Я ведь потеряла что-то и забыла. Не знаю, важное или нет. Было бы важным - записала и постоянно крутила в голове, чтобы извилины не смогли вынести издевательства и завязались узлами. А в голове, помимо фиксиков, такая же белая пустота, как и вокруг меня. Белый шум телевизора.
Куда я иду?
А куда заходит солнце, если мир — плоский пласт снега, линия от точки А до точки Б, замыкающая круг. Идеально ровная. Наверное, я не на Земле. Или на обратной её стороне, плоской, как Лоза завещал.
— Ты кто? — рядом со мной шагает мальчишка-эскимос, едва пробирается сквозь сугробы. Проваливается по пояс, отстаёт, и догоняет по моим следам. Куртка у него — закачаешься, смесь дублёнки и шубы, как с картинок из музея. Кухлянка, вот как называется!
— А ты кто?
Идем вместе, выдыхаем пар. Мальчик-эскимос жмурится и делает из варежки козырёк, долго-долго смотрит в небо.
— Далеко, — говорит он важным голосом, — здорово ты забралась. Сильная.
— Ну так. У меня ноги не как у карлика. Когда ноги длинные, шаг тоже длинный. Петр Первый вот знаешь, сколько был, если его на шпагат посадить? Как два тебя!
Он не обижается.
Из белого, как из тумана, выплывает палатка, чем-то похожая на юрту. Перед «дверью» пасётся олень.
— Твой?
— Не. Я оленей только в книжках видел.
— Ты же эскимос.
— Я чукча.
— Я тоже. Ментально, однако.
Мама так называла. Давно это было.
Из палатки выходит старуха в похожей накидке, только менее обшитой мехом, наверное, летний вариант, и раскуривает трубку. Дымок тянется такой же белый, как её две жиденькие косы. И как снег. Она похожа на скво, не хватает шапки из перьев.
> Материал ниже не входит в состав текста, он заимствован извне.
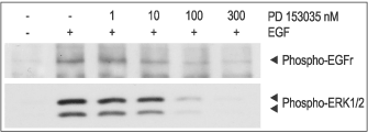 Alomone Labs PD 153035 inhibits EGF receptor activation in 3T3-L1 cells.Cells were serum starved for 3 h and preincubated with different concentrations of PD 153035 (#P-360) for 2 h. The cells were then stimulated with 200 ng/ml EGF for 10 minutes. Cell proteins were resolved by SDS-PAGE and probed with anti-phospho-EGFr (upper panel) and with anti-phospho ERK1/2 (lower panel).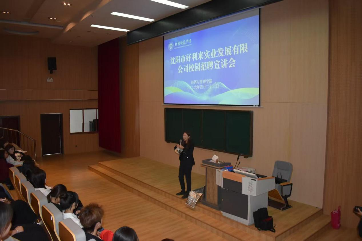 为进一步拓宽学生就业渠道,深化校企合作,帮助学生提前了解行业动态与职业发展方向,4月22日下午,经济与管理学院特别邀请沈阳市好利来实业发展有限公司开展校园招聘宣讲会。

— Зря вы сюда пришли, — скрипит старуха,—- Нанухак, я говорила, нельзя долго смотреть на месяц.
Мальчик-эскимос дуется.
— Тебе здесь быть нельзя. Иди обратно, Нанухак.
— Бабушка, я Валера! Куда я обратно пойду? Вот она сейчас дорогу проложит, — машет в мою сторону варежкой, — и я за ней вагончиком!
— Кабанчиком, — подсказываю я.
Не могу стоять. Ноги рвутся в путь. Надо дальше, туда, в белую бездну.
— Вам там не место, — старуха выдыхает белого дыма так много, что он выходит из ушей, — верхний мир не откроется.
— Бабушка, ну какой верхний мир! - Валерка-Нанухак злится, даже ножкой топает, — сверху озоновый слой, стратосфера и космос. Все давно уже книжки читают, зачем твои сказки?
Старуха покусывает губы беззубыми дёснами.
— Значит, забыли, - вздыхает она, — я предупреждала, Нанухак. Когда выглянет месяц и выйдут келе — жди беды. Я не помогу.
Валерка-Нанухак отворачивается. Старуху забирает туман — порыв снежного ветра.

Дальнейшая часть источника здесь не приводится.